Friday, July 31, 2009

Will Chandler: Blogging from Southampton

Will Chandler will be blogging from the Stony Brook Southampton Screenwriting Conference over the weekend.

This morning, at the Stony Brook Southampton Screenwriting Conference, I had a great time sitting in on a workshop with Frank Pugliese, Obie Award-winning playwright for Aven’U Boys and screenwriter on dozens of projects, including Shot in the Heart. He worked with students, listening to their ideas and asking probing questions. Pugliese reminded students that, if their scripts were instead formatted as standard prose text, “A screenplay is roughly 35 pages long. When you think about that real estate, that’s not a lot to work with. ... Your story needs to be really simple and small, but expansive in the same moment.”

When a student was struggling with her adaptation of a true story, Pugliese asked what she thought made a successful script adaptation of a novel. The student suggested that it happens when the screenwriter understands the essence of what the story is and serves that while letting the rest fall away. Pugliese agreed, affirming “Novels don’t tend to make great screenplays, it’s more like pieces of novels make great screenplays. The screenwriter finds the section of the novel that best illustrates the central theme of the book and uses that.”

With his extensive background in theater, Pugliese added that adapting a play for the screen is equally challenging. “Playwriting is about form and rhythm, screenplays have to translate that into pictures. The foundation of screenplays is about images ... and you have to juxtapose images as part of storytelling.”

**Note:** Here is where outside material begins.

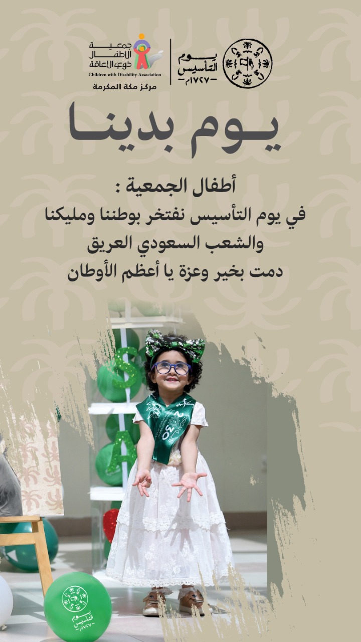 تزامنا مع إحتفالات المملكة العربية السعودية ليوم التأسيس والذي يوافق 22/ فبراير من كل عام، ينظم مركز جمعية الاطفال ذوي الاعاقة بمكة المكرمة حفل لأطفال المركز بعنوان (يوم بدينا)

Sharing some of his own secrets, Pugliese told students that when he’s working on a project, he keeps a notebook, filled with themes and ideas, but after he has outlined his story and begins to write, he closes the notebook and puts it away. He suggested that by the time he is ready to begin writing, his characters, their conflicts and motivations, and the story itself have been so internalized that releasing his notebook allows his characters more freedom to breath and come to life. To pore over notes while writing can kill spontaneity and make the writing feel flat.

Pugliese reminded students that “Films have a hunger for movement and a hunger for story. All of my characters are trying to do something. Even if they’re static, they’re active in trying to remain static.”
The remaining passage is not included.